Por supuesto las personalidades no se suceden, se solapan, se cambian o combinan a conveniencia del narrador primero, se confunden, participan unas de las otras, se multiplican nuevamente (otra vez los espejos). El resultado es una cinta hipnótica gracias a su particular ritmo interno, al cual no es ajeno el score del músico experimental Simon Fisher-Turner, a su frialdad cerebral y a su voluntad de juego para/con el espectador, de tal modo que resultara agradable de seguir si solo se decide mirar y apasionante si se participa. Además, todas estas capas de personalidades en montaje, así como los referentes estilísticos que se manejas introducen la idea de identidad, de búsqueda de una identidad a través de la creación y la pulsión existencialista mediante la metáfora del juego y su constante riesgo de perderlo todo en un parpadeo.

Explicado así puede parecer inconcebiblemente abstruso, denso e impenetrable. Una maraña narrativa. Pero en su puesta en escena es claro, perfecto. Hodges en la dirección, Paul Mayersberg en el guión y Clive Owen en la actuación cuadran el círculo con sobriedad, delicadeza e humor.
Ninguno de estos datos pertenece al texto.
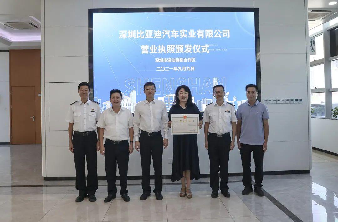9月9日上午,深圳比亚迪汽车实业有限公司的营业执照在深圳市深汕特别合作区(简称“深汕合作区”)颁出,标志着比亚迪汽车工业园(深汕)项目正式落地。这个一百亿级产值项目,将为深汕产业新城加速发展提供强大动力。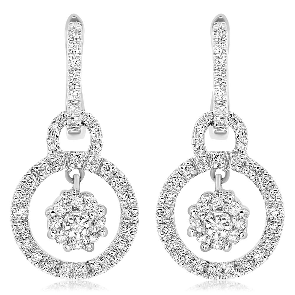 ESTATE 14KT WHITE GOLD HANGING EARRINGS. 3D CLUSTER FLOWER CIRCULAR DESIGN. DIAMONDS ARE F/G COLOR, VSSI CLARITY .35 CARATS. WRITTEN APPRAISAL AVAILABLE. COMES IN A PRESENTABLE GIFT BOX.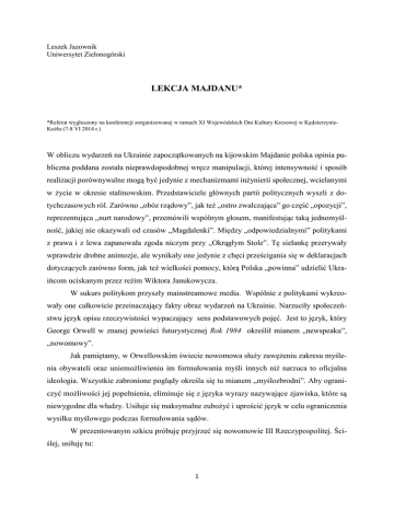 Leszek Jazownik Uniwersytet Zielonogórski LEKCJA MAJDANU* *Referat wygłoszony na konferencji zorganizowanej w ramach XI Wojewódzkich Dni Kultury Kresowej w KędzierzynieKoźlu (7-8 VI 2014 r.) W obliczu wydarzeń na Ukrainie zapoczątkowanych na kijowskim Majdanie polska opinia publiczna poddana została nieprawdopodobnej wręcz manipulacji, której intensywność i sposób realizacji porównywalne mogą być jedynie z mechanizmami inżynierii społecznej, wcielanymi w życie w okresie stalinowskim. Przedstawiciele głównych partii politycznych wyszli z dotychczasowych ról. Zarówno „obóz rządowy”, jak też „ostro zwalczająca” go część „opozycji”, reprezentująca „nurt narodowy”, przemówili wspólnym głosem, manifestując taką jednomyślność, jakiej nie okazywali od czasów „Magdalenki”. Między „odpowiedzialnymi” politykami z prawa i z lewa zapanowała zgoda niczym przy „Okrągłym Stole”. Tę sielankę przerywały wprawdzie drobne animozje, ale wynikały one jedynie z chęci prześcigania się w deklaracjach dotyczących zarówno form, jak też wielkości pomocy, którą Polska „powinna” udzielić Ukraińcom uciskanym przez reżim Wiktora Janukowycza. W sukurs politykom przyszły mainstreamowe media. Wspólnie z politykami wykreowały one całkowicie przeinaczający fakty obraz wydarzeń na Ukrainie. Narzuciły społeczeństwu język opisu rzeczywistości wypaczający sens podstawowych pojęć. Jest to język, który George Orwell w znanej powieści futurystycznej Rok 1984 określił mianem „newspeaku”, „nowomowy”. Jak pamiętamy, w Orwellowskim świecie nowomowa służy zawężeniu zakresu myślenia obywateli oraz uniemożliwieniu im formułowania myśli innych niż narzuca to oficjalna ideologia. Wszystkie zabronione poglądy określa się tu mianem „myślozbrodni”. Aby ograniczyć możliwości jej popełnienia, eliminuje się z języka wyrazy nazywające zjawiska, które są niewygodne dla władzy. Usiłuje się maksymalne zubożyć i uprościć język w celu ograniczenia wysiłku myślowego podczas formułowania sądów. W prezentowanym szkicu próbuję przyjrzeć się nowomowie III Rzeczypospolitej. Ściślej, usiłuję tu: 1 1. Odtworzyć podstawowe kategorie newspeaku, który wdrukowywany jest polskiemu społeczeństwu przez czołowych polityków i media „głównego nurtu”. 2. Wskazać przejawy hipokryzji leżącej u podstaw „nowomowy” wypracowanej w celu opisywania sytuacji na Ukrainie. 3. Wskazać wnioski płynące z analizy zjawisk politycznych i społecznych, które przez nowomowę są przesłaniane. I. Policja Myśli Nowomowa „okrągłostołowego” establishmentu III Rzeczypospolitej zachowuje wszystkie zasadnicze cechy – i dałoby się wykazać, że dzieje się tak nieprzypadkowo – języka propagandy wypracowanego przez władze PRL-u. Znawca tego języka – Michał Głowiński – uznaje, iż podstawowym wyróżnikiem PRL-owskiej nowomowy jest tendencja do jednoznacznego wartościowania pojęć i zjawisk, prowadząca do ich polaryzacji. Kluczowy staje się więc podział „swój – obcy”, „dobry – zły”, „słuszny – niesłuszny”. Zgodnie ze wskazaną tendencją „okrągłostołowe” elity polityczne i związane z nimi media jednomyślnie opowiedziały się po stronie pikietujących na Majdanie, wtłaczając polskiemu społeczeństwu czarno-biały obraz sytuacji na Ukrainie. Monopolizując dyskurs, szczelnie zablokowano opinie przeciwstawne. Z impetem zwalczano wszystkich, którzy mieli odwagę takie opinie głosić, odżegnując ich od czci i wiary. O tym, jak działa cenzura polityczna III RP, przekonał się ks. Tadeusz IsakowiczZaleski, który dopuścił się „myślozbrodni” polegającej na ujawnieniu banderowskich sympatii czołowych polityków Majdanu. W roli Orwellowskiej Policji Myśli wystąpiła „Gazeta Polska”. Jej Naczelnik – redaktor Sakiewicz – zdjął ze szpalt swej gazety rubrykę prowadzoną przez kapłana Kresowian i oskarżył jej autora o rosyjską agenturalność, licząc oczywiście na lincz publiczny. Ksiądz Isakowicz-Zaleski skazany więc został na „ewaporację”, „wyparowanie”, co w powieści Orwella oznacza karę fizycznego lub społecznego unicestwienia, połączoną z zamazywaniem śladów istnienia osoby napiętnowanej. II. Newspeak Oprócz tendencji do narzucania wartościowań wprowadzających dychotomiczną polaryzację świata ważnym narzędziem propagandowego newspeaku jest tworzenie neologizmów i neosemantyzacja, czyli nadawanie nowych znaczeń starym pojęciom. Przyjrzyjmy się niektórym osiągnięciom aparatu propagandowego „okrągłostołowych” elit w posługiwaniu się tymi środkami językowymi: 2 1. Wysiłki elit politycznych i mediów sprawiły, że zupełnie nowego sensu nabrało pojęcie „pokojowych demonstracji”. Media wprowadzały Polaków w stan schizofrenii. Polacy co innego słyszeli, co innego widzieli. Słyszeli o „uczestnikach protestów”, „demonstrantach”, „strajkujących”, widzieli natomiast wielomiesięczne koczowanie pod siedzibami władz państwowych i okupowanie budynków administracyjnych połączone ze wznoszeniem barykad, obrzucaniem funkcjonariuszy milicji koktajlami Mołotowa, ostrzeliwaniem się, regularnym prowadzeniem bitew z Berkutem, maltretowaniem i upokarzaniem milicjantów, terroryzowaniem przeciwników politycznych. Sprawców tego rodzaju zachowań zwykło się nazywać nie „demonstrantami” czy „manifestantami”, ale „zamachowcami” lub „uczestnikami puczu”. Manipulacje językowe polityków i mediów stają się szczególnie widoczne, gdy ich wypowiedzi zestawi się choćby z komentarzami na temat ubiegłorocznego Marszu Niepodległości, którego uczestnicy spalili budkę ochrony i kontener ze śmieciami pod ambasadą rosyjską oraz Tęczę, traktowaną przez nich jako prowokacyjnie wystawiony na Placu Zbawiciela symbol homoseksualistów. Zdolnościami

Cercano a no pocos aspectos del cine y el tetro de David Mamet, incluida la partícula métrica y ritmo de unos diálogos que son una reinvención del lenguaje hard-boiled, todo el film es un gran juego con los clichés a medio camino entre la abstracción propia de Jean-Pierre Melville en general y su acariciante Bob le flambeur (1956) en particular (film extraño, decadente y narcótico que, no en vano, fue remakeado en 2003 por Neil Jordan, uno de los autores clave del llamado neo-noir británico, en El buen ladrón), la variante sobre el Pickpocket (1959) de Robert Bresson en versión light (también aquí existe una mirada sobre la sociedad desde los márgenes del desencanto y la desorientación) de al cual toma prestada tanto su voz over como su plástica precisión de ballet ritual, la reimaginación de las claves del género durante los 40 en América y la sempiterna dureza sórdida del thriller inglés, muy atemperada aquí por este dispositivo intelectualizante, pero igualmente presente en la autenticidad escenográfica.

Hodges termina por firmar su mejor película desde el ya clásico de culto Asesino implacable (ya tratado aquí en una doble sesión junto a la superlativa El largo viernes santo)con unos materiales que había empleado con muy poca fortuna en otro título setentero con Michael Caine, Historias peligrosas (1972),  una gracieta pop estrictamente coyuntural, mezcla de hard boiled paródico, comedia del absurdo y juguete metalingüistico que termina por resultar fastidioso y más pretencioso que simpático. Director siempre irregular, personal a rabiar en su momentos lúcidos, anodino o directamente nefasto en los demás, combina títulos de interés como su acercamiento a la ciencia-ficción gélida en El hombre terminal (1974), una extraña adaptación de Ray Bradbury protagonizada por George Seagal, con otros tan ridículos como su acercamiento al mundo del tebeo en aquel infausto Flash Gordon (1980) de insoportable horterez, auténtica hecatombe del buen gusto donde solo se salvaban la guapísima Ornella Muti y un Max Von Sydow capaz de salir con bien de cualquier asunto, por descabellado que sea. En tierra de nadie quedan sus otros thrillers siempre macilentos, tortuosos, desde la malograda por culpa del insufrible divismo roñoso de Mickey Rourke, Requiem por los que van a morir (1987), hasta la reciente I`ll sleep when i´m dead (2003), donde se reunía de nuevo con Clive Owen para plantear una especie de relectura lánguida y crepuscular de su propio Get Carter, curiosa por insólita pero demasiado apagada finalmente o un trabajo suyo que parece estimulante, Más allá del arco iris (1989), pero que no he visto aunque su argumento de mediums religiosos, drama social y crimen resulte, como poco, atractivo, amén de contar con una actriz tan estupenda como Rosana Arquette al frente del invento.